Metadata-Version: 2.4
Name: small-hybrid-reranker
Version: 0.2.0
Summary: Lightweight hybrid reranker with baked-in model artifact.
Author: cnmoro
Keywords: nlp,ranking,reranker,search
Classifier: Operating System :: OS Independent
Classifier: Programming Language :: Python :: 3
Classifier: Programming Language :: Python :: 3 :: Only
Classifier: Topic :: Scientific/Engineering :: Artificial Intelligence
Requires-Python: >=3.10
Requires-Dist: joblib>=1.3
Requires-Dist: lightgbm>=4.5.0
Requires-Dist: model2vec>=0.7.0
Requires-Dist: numpy>=1.24
Requires-Dist: rank-bm25>=0.2.2
Description-Content-Type: text/markdown

# small-hybrid-reranker

`small-hybrid-reranker` is a lightweight reranker package with a baked-in trained model.

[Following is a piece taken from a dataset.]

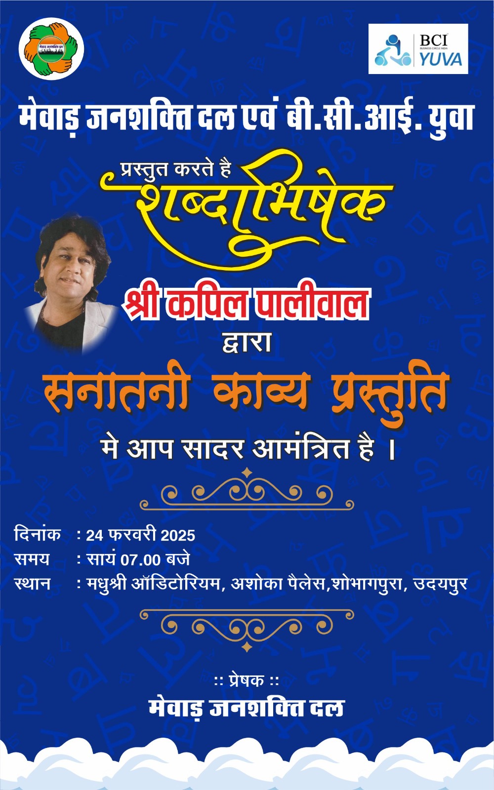 24 न्यूज़ अपडेट उदयपुर. मेवाड़ जनशक्ति दल उदयपुर एवं बिजनेस सर्कल इंडिया (BCI) के सौजन्य से मधुश्री ऑडिटोरियम शोभागपुरा रोड पर एक अद्वितीय काव्य प्रस्तुति “शब्दाभिषेक” का आयोजन किया जाएगा।

It reranks a list of passages for a query using a hybrid feature stack:
- static embeddings (`cnmoro/static-nomic-384-pten`)
- lexical overlap and token interaction sketches
- BM25 and dense retrieval priors
- listwise LightGBM ranker

The model artifact is included in the package, so there is no separate checkpoint download.

## Model In This Release

- Version `0.2.0` packages an updated model trained on all available SciFact splits in this repository (`train + test`) for maximum fit.
- Training setup used strict BM25 top-100 candidates with LightGBM LambdaRank over hybrid features.
- In-sample all-sets metric from training run:
  - `ndcg@10`: `0.89999`
  - `recall@10`: `0.89830`

Inference remains lightweight and CPU-friendly: the API is still a single `HybridReranker().rerank(query, passages)` call.

## Install

```bash
pip install small-hybrid-reranker
```

## Quickstart

```python
from small_hybrid_reranker import HybridReranker

reranker = HybridReranker()

query = "What is the speed of light?"
passages = [
    "The speed of light in a vacuum is about 299,792 km/s.",
    "Earth orbits the Sun in about 365 days.",
    "Newton described laws of motion.",
]

ranked = reranker.rerank(query, passages)
print(ranked[0])
# {'passage': 'The speed of light in a vacuum is about 299,792 km/s.', 'score': 100.0}
```

## API

### `HybridReranker(model_path: str | None = None)`

- `model_path=None`: uses baked-in model inside package.
- `model_path="...joblib"`: load your own compatible artifact.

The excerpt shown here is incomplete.